Bonagiri Lalith Krishna Samanth, Wang Zirui, Zhou Shan, Zhang Yingjie
Materials Research Laboratory, University of Illinois, Urbana, Illinois 61801, United States.
Department of Mechanical Science and Engineering, University of Illinois, Urbana, Illinois 61801, United States.
Nano Lett. 2024 Feb 28;24(8):2589-2595. doi: 10.1021/acs.nanolett.3c04712. Epub 2024 Jan 22.

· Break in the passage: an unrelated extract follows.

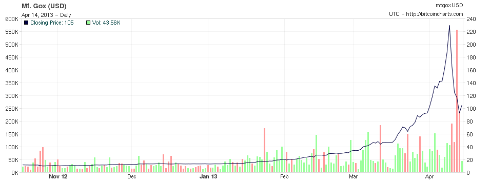 El valor del Bitcoin se ha disparado a raíz del escándalo en Chipre. en donde el temor de la gente los llevó a refugiarse en esta alternativa, además de la atención que le han brindado los medios. En enero un Bitcoin valía unos 15 dólares americanos colocándose al cierre del 12 de abril en 105 dólares.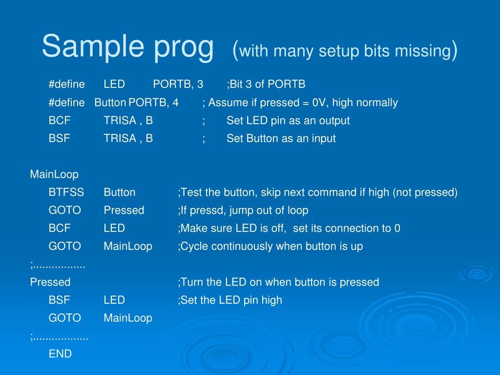 Sample prog (with many setup bits missing) #define LED PORTB, 3 ;Bit 3 of PORTB #define Button PORTB, 4 ; Assume if pressed = 0V, high normally BCF TRISA , B ; Set LED pin as an output BSF TRISA , B ; Set Button as an input MainLoop BTFSS Button ;Test the button, skip next command if high (not pressed) GOTO Pressed ;If pressd, jump out of loop BCF LED ;Make sure LED is off, set its connection to 0 GOTO MainLoop ;Cycle continuously when button is up ;................. Pressed ;Turn the LED on when button is pressed BSF LED ;Set the LED pin high GOTO MainLoop ;.................. END

Surface topography, or height profile, is a critical property for various micro- and nanostructured materials and devices, as well as biological systems. At the nanoscale, atomic force microscopy (AFM) is the tool of choice for surface profiling due to its capability to noninvasively map the topography of almost all types of samples. However, this method suffers from one drawback: the convolution of the nanoprobe's shape in the height profile of the samples, which is especially severe for sharp protrusion features. Here, we report a deep learning (DL) approach to overcome this limit. Adopting an image-to-image translation methodology, we use data sets of tip-convoluted and deconvoluted image pairs to train an encoder-decoder based deep convolutional neural network. The trained network successfully removes the tip convolution from AFM topographic images of various nanocorrugated surfaces and recovers the true, precise 3D height profiles of these samples.
表面形貌,即高度轮廓,对于各种微纳结构材料、器件以及生物系统而言都是一项关键特性。在纳米尺度下,原子力显微镜(AFM)因其能够以非侵入方式绘制几乎所有类型样品的形貌,故而成为表面轮廓分析的首选工具。然而,该方法存在一个缺点:纳米探针形状会在样品的高度轮廓中产生卷积,这对于尖锐的突出特征尤为严重。在此,我们报告一种深度学习(DL)方法以克服这一限制。采用图像到图像的转换方法,我们使用尖端卷积和去卷积图像对的数据集来训练基于编码器 - 解码器的深度卷积神经网络。经过训练的网络成功地从各种纳米波纹表面的AFM形貌图像中去除了尖端卷积,并恢复了这些样品真实、精确的三维高度轮廓。